The Fed has been quite emphatic in its switch to a tightening bias. This has had the effect of front-loading most dollar gains which are now being whittled away in the Fed’s traditional comment blackout before a meeting. Having doubled the taper to $30 billion a month in December no further adjustment is expected at the January 26 meeting. Speculation is centered on the balance sheet reduction which could begin in March.

Fed Chair Jerome Powell will no doubt be asked about this and his answers will set the market reaction. The sooner the reduction begins and the faster it proceeds, the better for the dollar.  

The most probable course for the Fed is a so-called natural runoff, meaning the bank will not reinvest the capital of maturing bonds, a process which is expected to reduce the bank’s holding about $2 trillion in two years of its $8.9 trillion in assets. If Mr. Powell says the Fed is considering or has decided to sell some of its bonds, it would be a major surprise and Treasury yields and the dollar will respond forcefully higher. 

Pertinent pending Japanese data is limited to Tokyo CPI for November which will not move trading.

In the US, Durable Goods Orders for December, a subset of Retail Sales, should confirm December’s weakness. 

Fourth quarter annualized US Gross Domestic Product (GDP) on Thursday is expected to be 5.8%, up from 2.3% prior. Variation from the forecast, up or down, and by degree, will directly impact the USD/JPY and Treasury yields. The Personal Consumption Expenditure (PCE) Price Index on Friday, the Fed's well-known elected measure, will confirm accelerating inflation without providing any new insight on duration or extent.

The bias for the USD/JPY is lower to neutral until the FOMC meeting. Unless the Fed asserts an unexpected penchant for portfolio reduction on Wednesday the lower bias will continue for the balance of the week. Technical support is relatively robust down to 112.75, but then weak for the three-quarters of a figure to 112.00. 

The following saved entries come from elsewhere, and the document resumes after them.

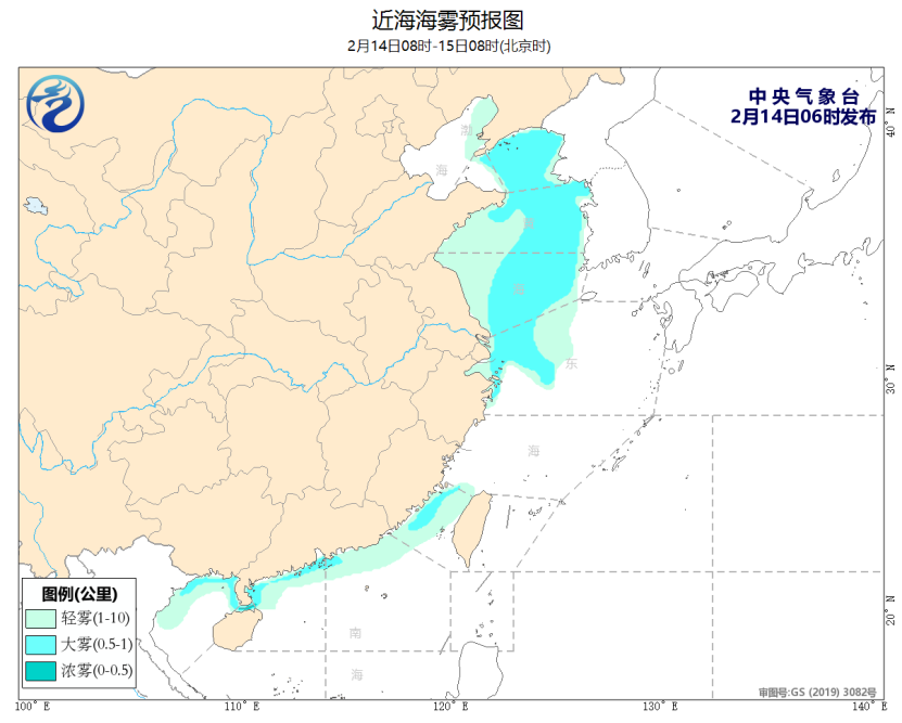 2月14日08時至20時,黃海大部、東海西北部、遼東半島東部沿海、長江口附近海域、大連港、成山頭、上海港有能見度不足1公里的大霧,部分時段能見度不足500米的濃霧。2月14日20時至15日08時,北部灣北部海域、瓊州海峽、雷州半島附近海域、廣東沿海海域、台灣海峽有能見度不足1公里的大霧,部分時段能見度不足500米的濃霧。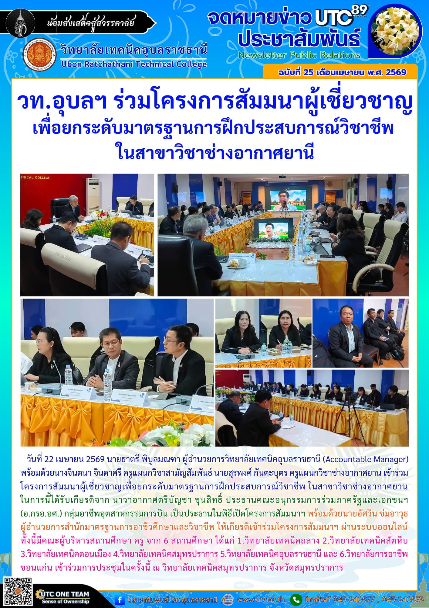 วันที่ 22 เมษายน 2569 นายธาตรี พิบูลมณฑา ผู้อำนวยการวิทยาลัยเทคนิคอุบลราชธานี (Accountable Manager) พร้อมด้วยนางจินตนา จินดาศรี ครูแผนกวิชาสามัญสัมพันธ์ นายสุรพงศ์ กันตะบุตร ครูแผนกวิชาช่างอากาศยาน เข้าร่วมโครงการสัมมนาผู้เชี่ยวชาญเพื่อยกระดับมาตรฐานการฝึกประสบการณ์วิชาชีพ ในสาขาวิชาช่างอากาศยาน ในการนี้ได้รับเกียรติจาก นาวาอากาศตรีบัญชา ชุนสิทธิ์ ประธานคณะอนุกรรมการร่วมภาครัฐและเอกชนฯ (อ.กรอ.อศ.) กลุ่มอาชีพอุตสาหกรรมการบิน เป็นประธานในพิธีเปิดโครงการสัมมนาฯ พร้อมด้วยนายอัศวิน ข่มอาวุธ ผู้อำนวยการสำนักมาตรฐานการอาชีวศึกษาและวิชาชีพ ให้เกียรติเข้าร่วมโครงการสัมมนาฯ ผ่านระบบออนไลน์ ทั้งนี้มีคณะผู้บริหารสถานศึกษา ครู จาก 6 สถานศึกษา ได้แก่ 1.วิทยาลัยเทคนิคถลาง 2.วิทยาลัยเทคนิคสัตหีบ 3.วิทยาลัยเทคนิคดอนเมือง 4.วิทยาลัยเทคนิคสมุทรปราการ 5.วิทยาลัยเทคนิคอุบลราชธานี และ 6.วิทยาลัยการอาชีพขอนแก่น เข้าร่วมการประชุมในครั้งนี้ ณ วิทยาลัยเทคนิคสมุทรปราการ จังหวัดสมุทรปราการ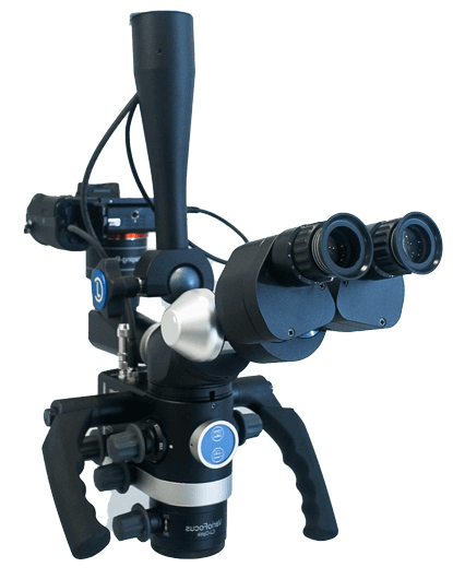 Микроскоп из Вецлара (“Города оптики”) в Германии. Во время лечения: минимально обрабатываем зубы, выявляем все скрытые кариесы, сохрянем анатомию и эстетичность зубов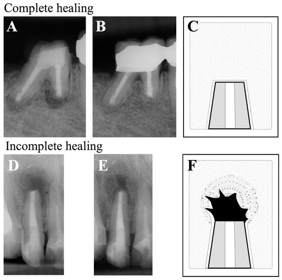 Representative radiographs as examples of clinical success. Complete healing (Top Row): an example of a mandibular first molar that was radiographically assessed as ‘complete healing’ 1 year after EMS. (A) Immediate postoperative, (B) 1-year follow-up, and (C) diagram of apical healing used for classification developed by Rud and Molven [18,19]. Incomplete healing (Bottom Row): a maxillary lateral incisor was radiographically assessed as an example of ‘incomplete healing’ 1 year after EMS. (D) Immediate postoperative, (E) 1-year follow-up, and (F) diagram of apical healing used for classification, as described [18,19].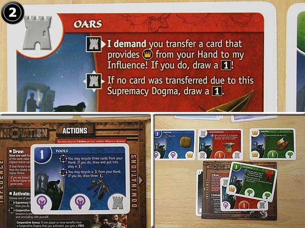 Auf der einen Seite erklärt die Spielertafel, welche Aktionen ein Spieler durchführen kann. Pro Spielzug muss ein Spieler 2 Aktionen durchführen, wobei er auch zweimal die gleiche Aktion wählen kann. Draw Play Activate Dominate |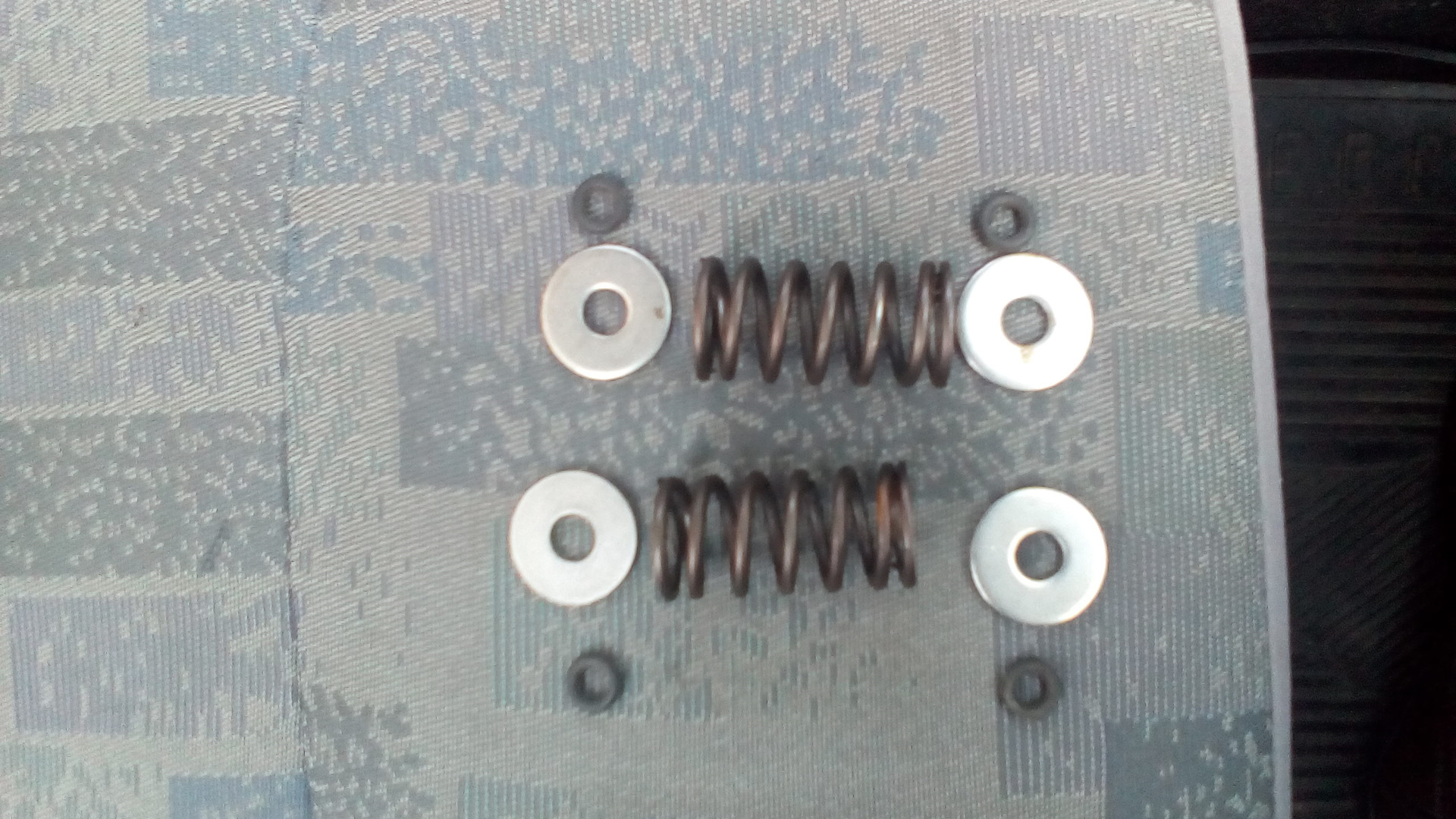 Делов ушло 5 минут, нашел пружинки клапана 2108 внутренние, шайбы обычные, м8 широкие, прям что доктор прописал. Резинки не ставил. Внутри осталась штатная резинка амортизатор, поддерживает пружину что бы сильно не сваливалась по оси. 4олечко резиновое не помешает одно, что бы пружинка по штоку не летала туда сюда… должно от форсунки подойти.
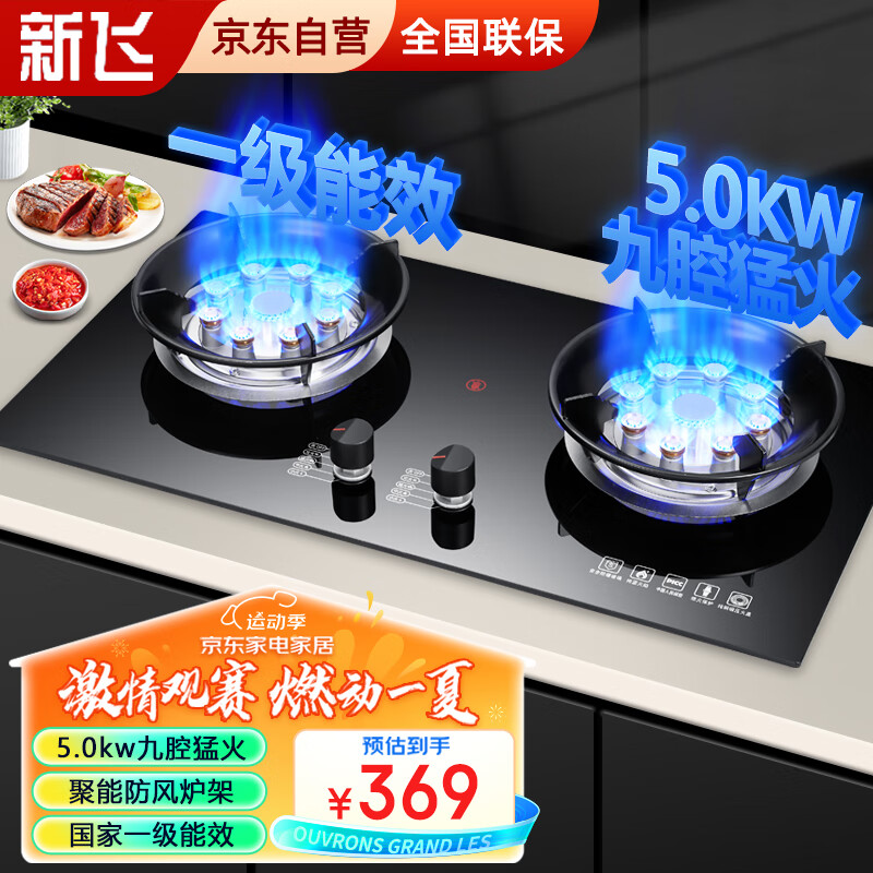 新飞家用燃气灶液化气双灶玻璃5.0KW一级能效嵌入式台式灶煤气灶聚能猛火双九腔纯铜炉具JZY-A3价格:369.00元!

Japan statistics January17–January 21


US statistics January 17–January 21


Japan statistics January 24–January 28


US statistics January 24–January 28


USD/JPY technical outlook

Negative bias in the MACD (Moving Average Convergence Divergence) and Relative Strength Index (RSI) have increased slightly from last week. Failure at 114.00 despite substantial support weakened the  case for a rebound ahead of the Fed meeting on Wednesday. The spread in the MACD is now at its widest of the decline and the RSI is at its lowest since April 2021. Volatility decreased in the second half of the week and is unlikely to revive before the Fed meeting. 

Support is strong at 113.25 where it is augmented by the 100-day moving average (MA) at 113.24 and at 111.50 which is backed by the 200-day MA at 111.47. The range from 112.75 to 112.00 was largely traversed in a single day's trading on October 11 and is consequently free of notable support. If the USD/JPY drops below the three-month low at 112.75, it will likely not rest until 112.00. 

Resistance: 114.00, 114.50, 115.00, 115.35, 116.10

Support: 113.50, 113.25, 112.75, 112.00, 111.50

FXStreet Forecast Poll

The FXStreet Forecast Poll has excellent logic with firm technical support seconded by a fundamental rate outlook favoring the USD/JPY.